Scan the entries for the word "Gold" and return every line that has it.

::: Record extracts

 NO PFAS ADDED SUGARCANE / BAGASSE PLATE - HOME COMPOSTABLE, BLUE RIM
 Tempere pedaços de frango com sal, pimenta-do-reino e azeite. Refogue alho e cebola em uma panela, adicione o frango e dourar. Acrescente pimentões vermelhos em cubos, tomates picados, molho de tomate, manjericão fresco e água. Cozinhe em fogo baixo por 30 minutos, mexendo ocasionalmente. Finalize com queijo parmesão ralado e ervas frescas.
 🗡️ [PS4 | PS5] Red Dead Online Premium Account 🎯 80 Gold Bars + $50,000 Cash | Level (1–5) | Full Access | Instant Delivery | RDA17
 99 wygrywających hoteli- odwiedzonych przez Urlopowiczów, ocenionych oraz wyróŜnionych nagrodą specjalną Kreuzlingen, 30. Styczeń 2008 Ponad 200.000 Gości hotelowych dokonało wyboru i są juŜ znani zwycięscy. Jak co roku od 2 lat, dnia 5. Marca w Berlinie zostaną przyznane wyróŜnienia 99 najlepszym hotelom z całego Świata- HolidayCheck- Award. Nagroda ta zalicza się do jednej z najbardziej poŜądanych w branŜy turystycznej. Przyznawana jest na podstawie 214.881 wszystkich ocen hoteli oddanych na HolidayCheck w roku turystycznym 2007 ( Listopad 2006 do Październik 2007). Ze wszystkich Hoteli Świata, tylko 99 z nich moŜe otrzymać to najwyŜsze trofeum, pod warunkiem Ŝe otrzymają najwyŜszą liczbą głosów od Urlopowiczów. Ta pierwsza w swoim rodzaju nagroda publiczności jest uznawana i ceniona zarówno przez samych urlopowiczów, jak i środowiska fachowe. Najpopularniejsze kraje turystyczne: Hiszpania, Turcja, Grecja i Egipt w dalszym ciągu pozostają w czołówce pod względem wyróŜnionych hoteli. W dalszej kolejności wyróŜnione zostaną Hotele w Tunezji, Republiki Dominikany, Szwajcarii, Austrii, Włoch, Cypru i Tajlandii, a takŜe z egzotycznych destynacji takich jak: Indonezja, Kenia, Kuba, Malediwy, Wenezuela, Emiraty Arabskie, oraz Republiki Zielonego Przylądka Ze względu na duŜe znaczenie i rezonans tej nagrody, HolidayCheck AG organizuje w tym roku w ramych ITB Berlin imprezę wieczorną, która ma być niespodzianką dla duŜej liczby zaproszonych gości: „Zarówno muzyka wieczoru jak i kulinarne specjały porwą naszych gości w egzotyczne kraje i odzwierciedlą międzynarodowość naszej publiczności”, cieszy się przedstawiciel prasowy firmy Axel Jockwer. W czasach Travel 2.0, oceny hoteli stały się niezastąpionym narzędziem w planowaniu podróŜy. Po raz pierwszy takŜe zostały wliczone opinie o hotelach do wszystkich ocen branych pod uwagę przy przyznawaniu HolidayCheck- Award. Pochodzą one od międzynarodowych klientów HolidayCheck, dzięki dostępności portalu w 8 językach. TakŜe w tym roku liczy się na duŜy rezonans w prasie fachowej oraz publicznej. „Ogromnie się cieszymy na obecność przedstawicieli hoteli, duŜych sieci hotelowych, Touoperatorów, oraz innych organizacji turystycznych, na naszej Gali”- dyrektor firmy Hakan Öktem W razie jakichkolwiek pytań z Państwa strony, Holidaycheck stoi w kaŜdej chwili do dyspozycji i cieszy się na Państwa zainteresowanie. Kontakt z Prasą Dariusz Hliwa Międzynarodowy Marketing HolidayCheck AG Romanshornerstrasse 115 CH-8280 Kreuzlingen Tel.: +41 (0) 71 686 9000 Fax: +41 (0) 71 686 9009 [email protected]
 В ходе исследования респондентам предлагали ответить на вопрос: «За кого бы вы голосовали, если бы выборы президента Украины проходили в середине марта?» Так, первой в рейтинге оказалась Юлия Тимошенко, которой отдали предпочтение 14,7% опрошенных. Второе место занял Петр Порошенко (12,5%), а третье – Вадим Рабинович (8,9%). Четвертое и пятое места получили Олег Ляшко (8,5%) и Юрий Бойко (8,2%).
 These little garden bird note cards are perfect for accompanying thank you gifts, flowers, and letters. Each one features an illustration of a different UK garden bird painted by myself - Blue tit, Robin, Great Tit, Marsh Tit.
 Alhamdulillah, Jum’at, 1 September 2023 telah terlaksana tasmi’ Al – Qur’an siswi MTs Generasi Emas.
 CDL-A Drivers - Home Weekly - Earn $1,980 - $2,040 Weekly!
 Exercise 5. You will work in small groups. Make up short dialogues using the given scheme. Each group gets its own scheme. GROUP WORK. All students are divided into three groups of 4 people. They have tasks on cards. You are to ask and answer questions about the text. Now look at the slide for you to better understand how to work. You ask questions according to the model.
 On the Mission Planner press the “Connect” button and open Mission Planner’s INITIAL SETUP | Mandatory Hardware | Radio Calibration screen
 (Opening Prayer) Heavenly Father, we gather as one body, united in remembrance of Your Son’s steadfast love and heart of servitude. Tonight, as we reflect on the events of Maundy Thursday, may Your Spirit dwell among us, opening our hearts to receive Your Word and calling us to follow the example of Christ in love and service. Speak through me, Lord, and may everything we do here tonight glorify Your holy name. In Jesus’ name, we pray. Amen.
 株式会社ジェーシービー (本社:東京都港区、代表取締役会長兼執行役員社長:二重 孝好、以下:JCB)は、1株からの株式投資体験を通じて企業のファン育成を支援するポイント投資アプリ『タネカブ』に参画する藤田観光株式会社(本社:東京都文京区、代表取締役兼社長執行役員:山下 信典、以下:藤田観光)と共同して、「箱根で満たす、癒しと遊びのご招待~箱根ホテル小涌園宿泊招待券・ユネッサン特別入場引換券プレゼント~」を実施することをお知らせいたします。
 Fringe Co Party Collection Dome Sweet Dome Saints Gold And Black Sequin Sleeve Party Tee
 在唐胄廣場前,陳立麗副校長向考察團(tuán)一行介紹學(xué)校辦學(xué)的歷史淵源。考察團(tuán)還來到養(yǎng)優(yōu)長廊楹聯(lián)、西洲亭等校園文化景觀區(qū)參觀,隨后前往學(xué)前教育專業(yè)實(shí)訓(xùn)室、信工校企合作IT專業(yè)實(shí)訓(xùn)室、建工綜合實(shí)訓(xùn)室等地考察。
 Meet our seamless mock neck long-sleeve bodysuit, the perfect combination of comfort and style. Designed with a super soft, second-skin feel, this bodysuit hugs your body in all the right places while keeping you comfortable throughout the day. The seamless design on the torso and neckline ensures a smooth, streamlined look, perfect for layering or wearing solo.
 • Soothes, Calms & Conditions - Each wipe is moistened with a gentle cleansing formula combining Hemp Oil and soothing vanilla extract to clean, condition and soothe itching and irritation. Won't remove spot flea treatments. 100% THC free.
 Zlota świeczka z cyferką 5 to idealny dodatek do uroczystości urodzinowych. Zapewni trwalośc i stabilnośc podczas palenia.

::::::

Finished exercise>
 🗡️ [PS4 | PS5] Red Dead Online Premium Account 🎯 80 Gold Bars + $50,000 Cash | Level (1–5) | Full Access | Instant Delivery | RDA17
 Fringe Co Party Collection Dome Sweet Dome Saints Gold And Black Sequin Sleeve Party Tee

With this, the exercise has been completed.